**Instructions for the task:**
Retype the data exactly, from its first line to the line containing "2014年11月27日保険にまつわる情報森田 真人 2014年度", including both, and skip any picture.

Saved entries:
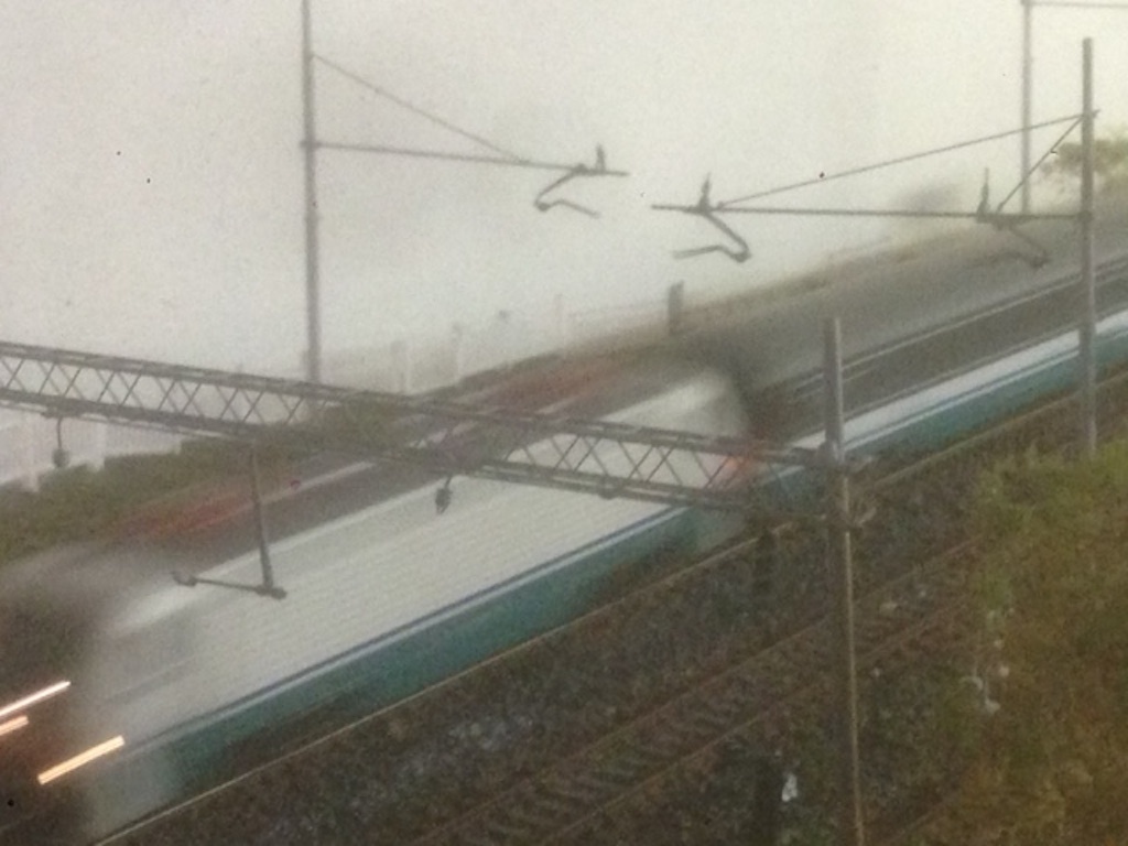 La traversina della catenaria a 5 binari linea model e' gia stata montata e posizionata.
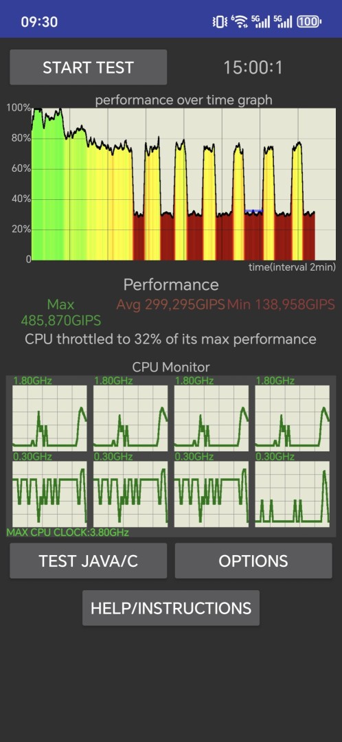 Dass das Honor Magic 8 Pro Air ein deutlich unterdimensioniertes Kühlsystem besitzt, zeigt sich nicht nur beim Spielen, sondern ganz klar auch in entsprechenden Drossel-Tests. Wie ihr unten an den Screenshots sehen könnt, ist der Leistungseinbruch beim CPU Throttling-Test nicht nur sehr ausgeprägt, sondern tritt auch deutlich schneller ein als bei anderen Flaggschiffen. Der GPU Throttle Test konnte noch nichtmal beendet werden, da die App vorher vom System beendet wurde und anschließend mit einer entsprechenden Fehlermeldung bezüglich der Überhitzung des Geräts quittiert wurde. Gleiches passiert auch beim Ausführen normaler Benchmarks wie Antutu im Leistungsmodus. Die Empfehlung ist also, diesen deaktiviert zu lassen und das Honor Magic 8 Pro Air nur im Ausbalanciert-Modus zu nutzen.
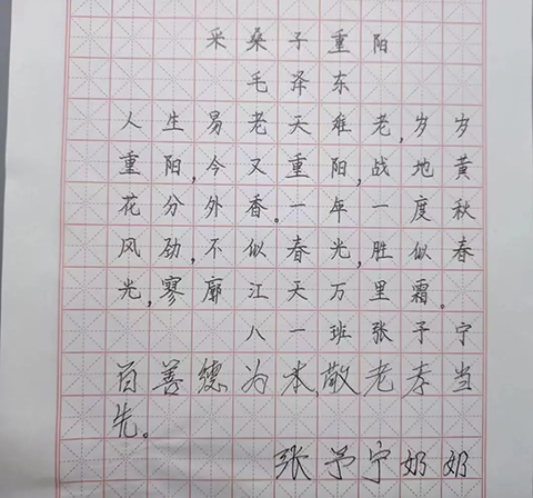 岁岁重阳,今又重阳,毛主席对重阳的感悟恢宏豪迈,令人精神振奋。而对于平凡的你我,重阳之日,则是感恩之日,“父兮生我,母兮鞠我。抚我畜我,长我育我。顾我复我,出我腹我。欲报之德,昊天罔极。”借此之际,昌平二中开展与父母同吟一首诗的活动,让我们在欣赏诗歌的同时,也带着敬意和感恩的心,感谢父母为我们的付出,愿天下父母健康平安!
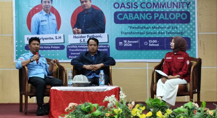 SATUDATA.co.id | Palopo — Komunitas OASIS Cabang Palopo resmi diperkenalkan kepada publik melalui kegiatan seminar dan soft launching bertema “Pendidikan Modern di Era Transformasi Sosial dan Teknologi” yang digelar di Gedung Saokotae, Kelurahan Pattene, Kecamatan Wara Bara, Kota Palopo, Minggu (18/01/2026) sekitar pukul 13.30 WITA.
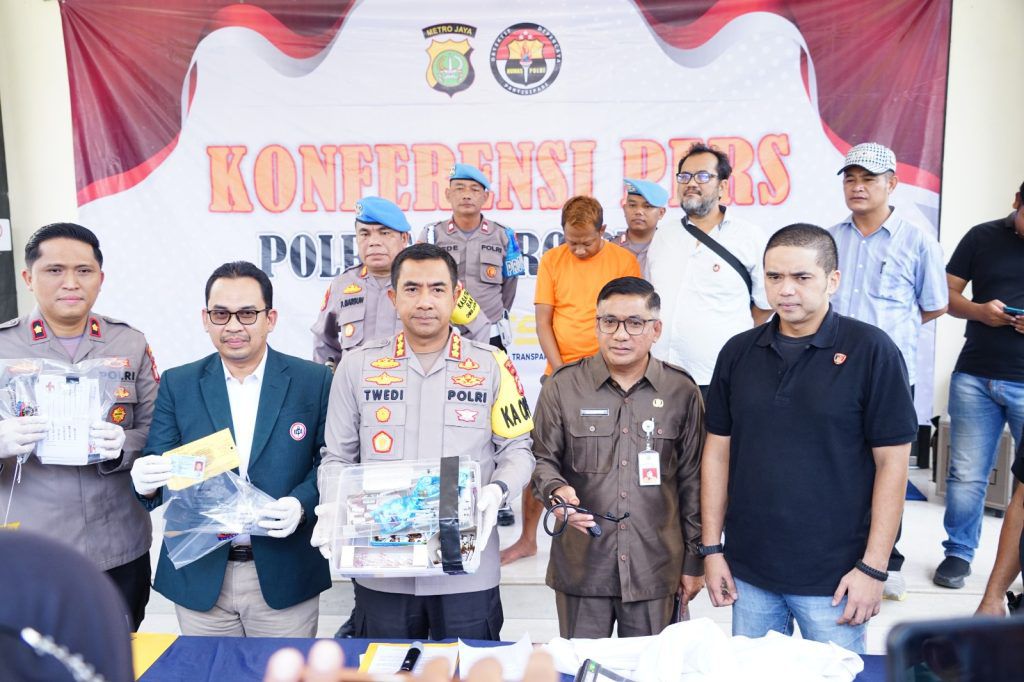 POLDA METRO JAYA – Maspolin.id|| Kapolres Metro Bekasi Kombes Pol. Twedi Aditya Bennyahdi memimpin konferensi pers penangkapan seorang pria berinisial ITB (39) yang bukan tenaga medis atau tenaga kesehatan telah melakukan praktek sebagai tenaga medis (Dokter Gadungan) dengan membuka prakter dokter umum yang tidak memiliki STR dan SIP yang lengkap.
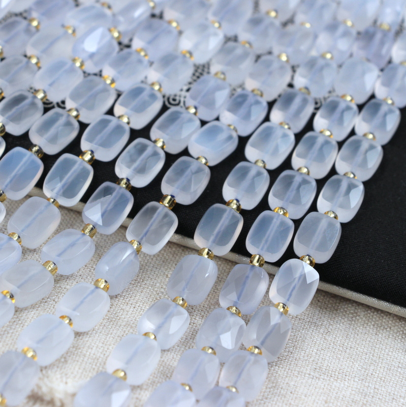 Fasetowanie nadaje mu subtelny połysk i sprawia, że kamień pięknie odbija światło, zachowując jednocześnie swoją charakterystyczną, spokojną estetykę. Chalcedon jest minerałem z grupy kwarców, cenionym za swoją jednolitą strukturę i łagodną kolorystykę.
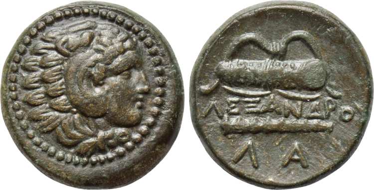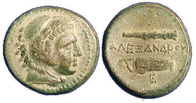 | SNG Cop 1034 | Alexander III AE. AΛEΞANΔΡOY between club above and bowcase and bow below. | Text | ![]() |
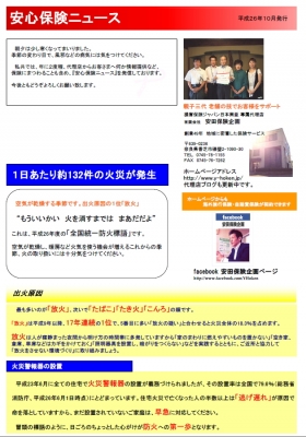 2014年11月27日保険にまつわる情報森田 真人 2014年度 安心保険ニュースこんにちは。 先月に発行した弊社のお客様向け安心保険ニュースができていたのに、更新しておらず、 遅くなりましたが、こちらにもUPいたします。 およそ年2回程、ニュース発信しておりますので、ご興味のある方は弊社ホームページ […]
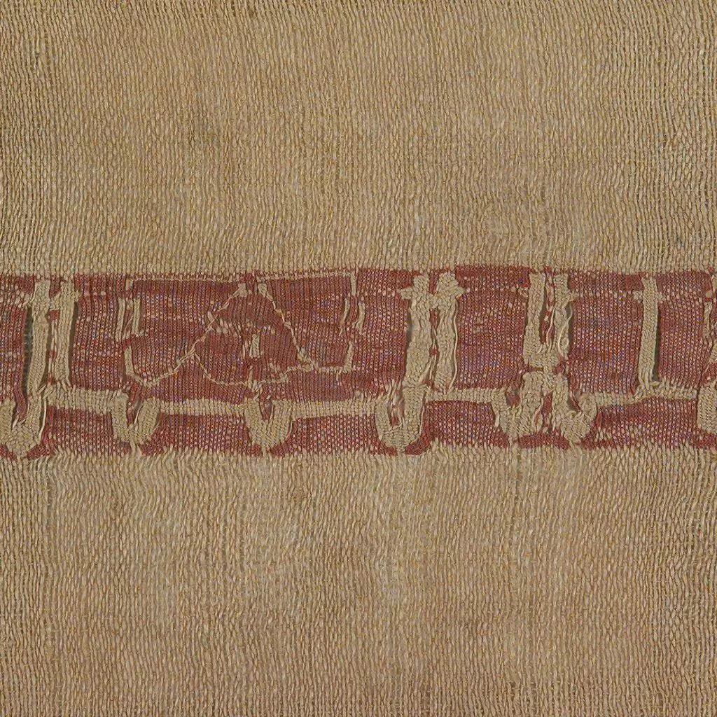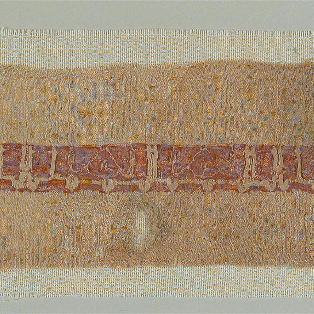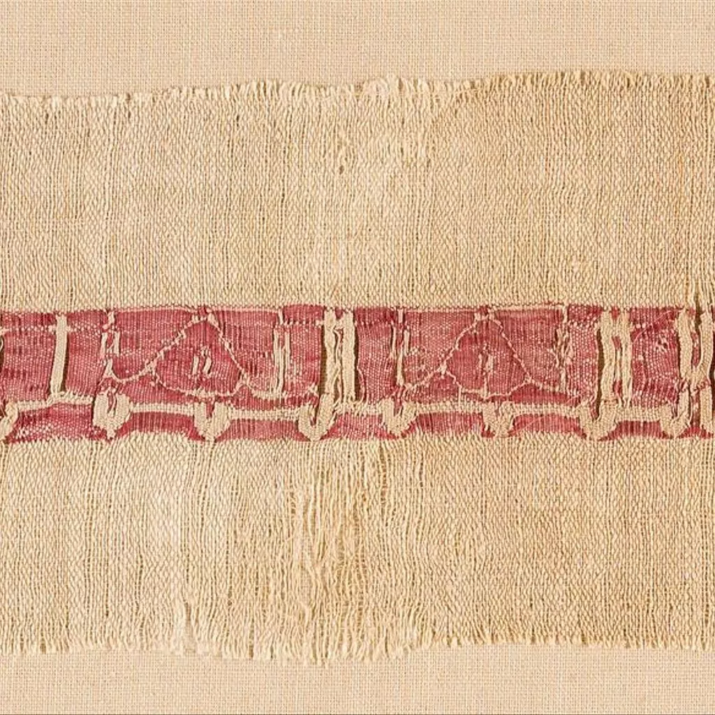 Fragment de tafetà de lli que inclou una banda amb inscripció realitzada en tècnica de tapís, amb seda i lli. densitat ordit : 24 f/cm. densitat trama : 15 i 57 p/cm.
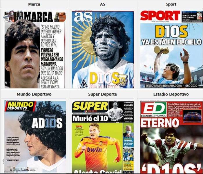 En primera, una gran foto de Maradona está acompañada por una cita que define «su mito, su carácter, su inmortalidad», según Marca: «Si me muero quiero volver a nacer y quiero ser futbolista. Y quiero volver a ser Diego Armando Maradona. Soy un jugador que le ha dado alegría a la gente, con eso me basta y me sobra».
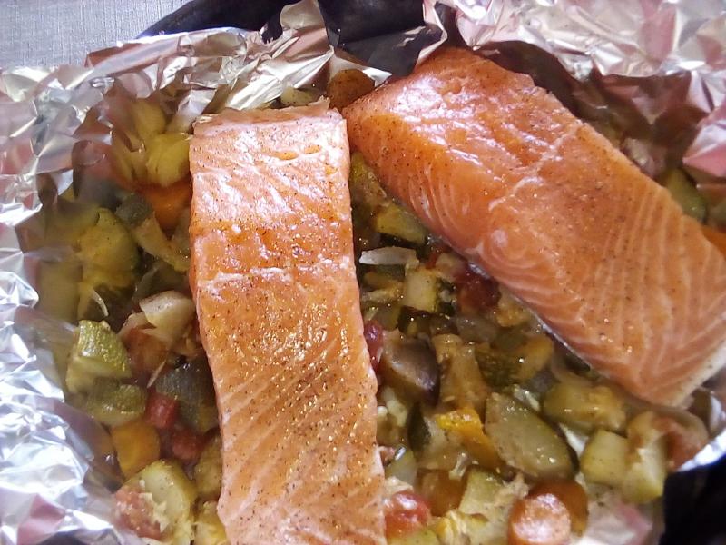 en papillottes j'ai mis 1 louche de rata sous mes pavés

**Worked solution:**
 La traversina della catenaria a 5 binari linea model e' gia stata montata e posizionata.
 Dass das Honor Magic 8 Pro Air ein deutlich unterdimensioniertes Kühlsystem besitzt, zeigt sich nicht nur beim Spielen, sondern ganz klar auch in entsprechenden Drossel-Tests. Wie ihr unten an den Screenshots sehen könnt, ist der Leistungseinbruch beim CPU Throttling-Test nicht nur sehr ausgeprägt, sondern tritt auch deutlich schneller ein als bei anderen Flaggschiffen. Der GPU Throttle Test konnte noch nichtmal beendet werden, da die App vorher vom System beendet wurde und anschließend mit einer entsprechenden Fehlermeldung bezüglich der Überhitzung des Geräts quittiert wurde. Gleiches passiert auch beim Ausführen normaler Benchmarks wie Antutu im Leistungsmodus. Die Empfehlung ist also, diesen deaktiviert zu lassen und das Honor Magic 8 Pro Air nur im Ausbalanciert-Modus zu nutzen.
 岁岁重阳,今又重阳,毛主席对重阳的感悟恢宏豪迈,令人精神振奋。而对于平凡的你我,重阳之日,则是感恩之日,“父兮生我,母兮鞠我。抚我畜我,长我育我。顾我复我,出我腹我。欲报之德,昊天罔极。”借此之际,昌平二中开展与父母同吟一首诗的活动,让我们在欣赏诗歌的同时,也带着敬意和感恩的心,感谢父母为我们的付出,愿天下父母健康平安!
 SATUDATA.co.id | Palopo — Komunitas OASIS Cabang Palopo resmi diperkenalkan kepada publik melalui kegiatan seminar dan soft launching bertema “Pendidikan Modern di Era Transformasi Sosial dan Teknologi” yang digelar di Gedung Saokotae, Kelurahan Pattene, Kecamatan Wara Bara, Kota Palopo, Minggu (18/01/2026) sekitar pukul 13.30 WITA.
 POLDA METRO JAYA – Maspolin.id|| Kapolres Metro Bekasi Kombes Pol. Twedi Aditya Bennyahdi memimpin konferensi pers penangkapan seorang pria berinisial ITB (39) yang bukan tenaga medis atau tenaga kesehatan telah melakukan praktek sebagai tenaga medis (Dokter Gadungan) dengan membuka prakter dokter umum yang tidak memiliki STR dan SIP yang lengkap.
 Fasetowanie nadaje mu subtelny połysk i sprawia, że kamień pięknie odbija światło, zachowując jednocześnie swoją charakterystyczną, spokojną estetykę. Chalcedon jest minerałem z grupy kwarców, cenionym za swoją jednolitą strukturę i łagodną kolorystykę.
 | SNG Cop 1034 | Alexander III AE. AΛEΞANΔΡOY between club above and bowcase and bow below. | Text | ![]() |
 2014年11月27日保険にまつわる情報森田 真人 2014年度 安心保険ニュースこんにちは。 先月に発行した弊社のお客様向け安心保険ニュースができていたのに、更新しておらず、 遅くなりましたが、こちらにもUPいたします。 およそ年2回程、ニュース発信しておりますので、ご興味のある方は弊社ホームページ […]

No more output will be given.